Ferguson opened the book, flipped through it for a couple of moments, and then fell upon this sentence on page 96: “The world is teeming: anything can happen.”
It was Friday, October 15, 1965, and Ferguson had been a student at Princeton for one month, one of the most trying and exhausting months he could remember, but he was pulling out of it now, he felt, something was starting to shift in him again, and spending those hours with Noah and Ron and the others had helped push him away from the things that were weak and angry and arrested in him, and now he had the book, a hardcover copy of John Cage’s Silence, and when the little party broke up and everyone left, he told Noah that he was feeling tired and wanted to head back to his grandfather’s place uptown, which wasn’t in fact true, since he wasn’t the least bit tired and merely wanted to be alone.
Twice before, a book had turned him inside out and altered who he was, had blasted apart his assumptions about the world and thrust him onto a new ground where everything in the world suddenly looked different—and would remain different for the rest of time, for as long as he himself went on living in time and occupied space in the world. Dostoyevsky’s book was about the passions and contradictions of the human soul, Thoreau’s book was a manual on how to live, and now Ferguson had discovered a book that Ron had correctly called a book about how to think, and as he sat in his grandfather’s apartment reading “2 Pages, 122 Words on Music and Dance,” “Lecture on Nothing,” “Lecture on Something,” “45′ for a Speaker,” and “Indeterminancy,” he felt as if a fierce, purifying wind were blowing through his brain and cleaning out the junk that had accumulated there, that he was in the presence of a man who was unafraid to ask first questions, to start all over from the beginning and walk down a path no one had ever traveled before him, and when Ferguson finally put down the book at three-thirty in the morning, he felt so stirred up and ignited by what he had read that he knew sleep was out of the question, that he wouldn’t be able to close his eyes for the rest of the night.
The world is teeming: anything can happen.
He had made plans to get together with Noah at noon tomorrow and march down Fifth Avenue in what would be their first anti-war demonstration, New York’s first large-scale protest against the buildup of American troops in Vietnam, an event that was sure to attract tens of thousands of people if not one hundred thousand or two hundred thousand, and nothing was going to stop Ferguson from taking part in it, not even if he was dead on his feet and had to shuffle down Fifth Avenue like a drunken somnambulist, but noon was many hours away, and for the first time since he had first set foot in Brown Hall last month, he was ready to start writing again, and nothing was going to stop him from doing that either.

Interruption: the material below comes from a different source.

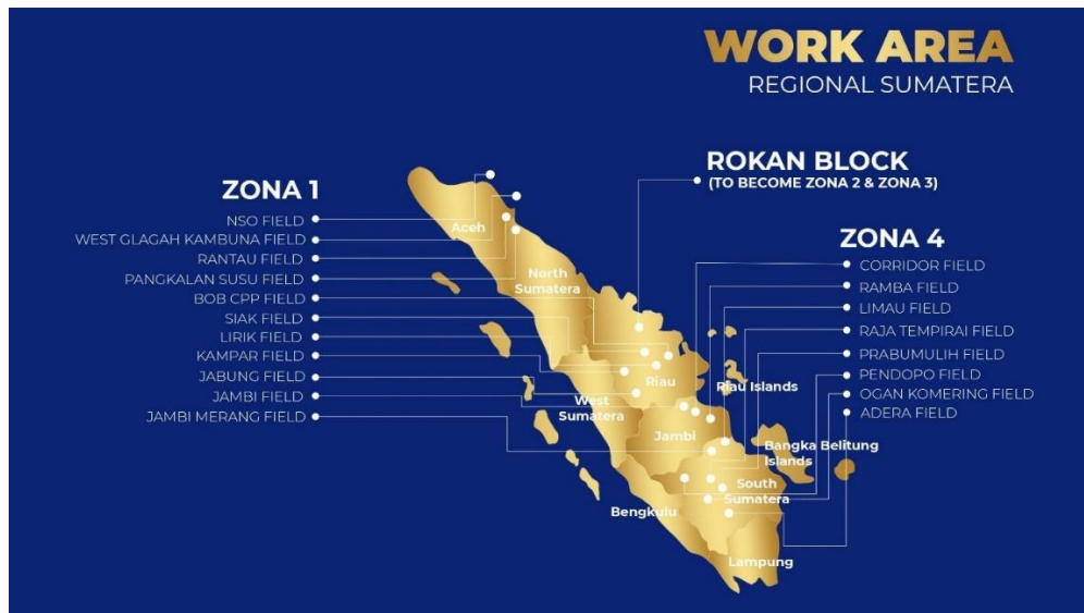
Gambar 1. 1 Work Area Regional Sumatra

Mulligan’s first twelve voyages had taken him to countries that lived in a state of permanent war, countries of intense religious severity that punished their citizens for thinking impure thoughts, countries whose cultures were dedicated to the pursuit of sexual pleasure, countries whose people thought about little else but food, countries run by women in which the men served as low-paid lackeys, countries devoted to the making of art and music, countries governed by racist, Nazi-like laws and other countries in which the people could not distinguish between different colors of skin, countries in which merchants and businessmen cheated the public as a matter of civic duty, countries organized around perpetual sports competitions, countries besieged by earthquakes, erupting volcanoes, and continual bad weather, tropical countries in which the people wore no clothes, frigid countries in which the people were obsessed with fur, primitive countries and technologically advanced countries, countries that seemed to belong to the past and others that seemed to belong to the present or the distant future. Ferguson had made a rough map of the twenty-four journeys before starting the project, but he had found that the best way to enter a new chapter was by writing blindly, to put down whatever seemed to be bubbling in his head as he barreled along from sentence to sentence, and then, when the wild first draft was finished, he would go back and slowly begin to tame it, usually going through five or six more drafts before it reached its proper and definitive shape, the mysterious combination of lightness and heaviness he was searching for, the seriocomic tone that was necessary to pull off such outlandish narratives, the plausible implausibility of what he called nonsense in motion. He looked upon his little book as an experiment, an exercise that would allow him to flex some new writerly muscles, and when he had finished writing the last chapter, he was planning to burn the manuscript or, if not burn it, bury the book in a place where no one would ever find it.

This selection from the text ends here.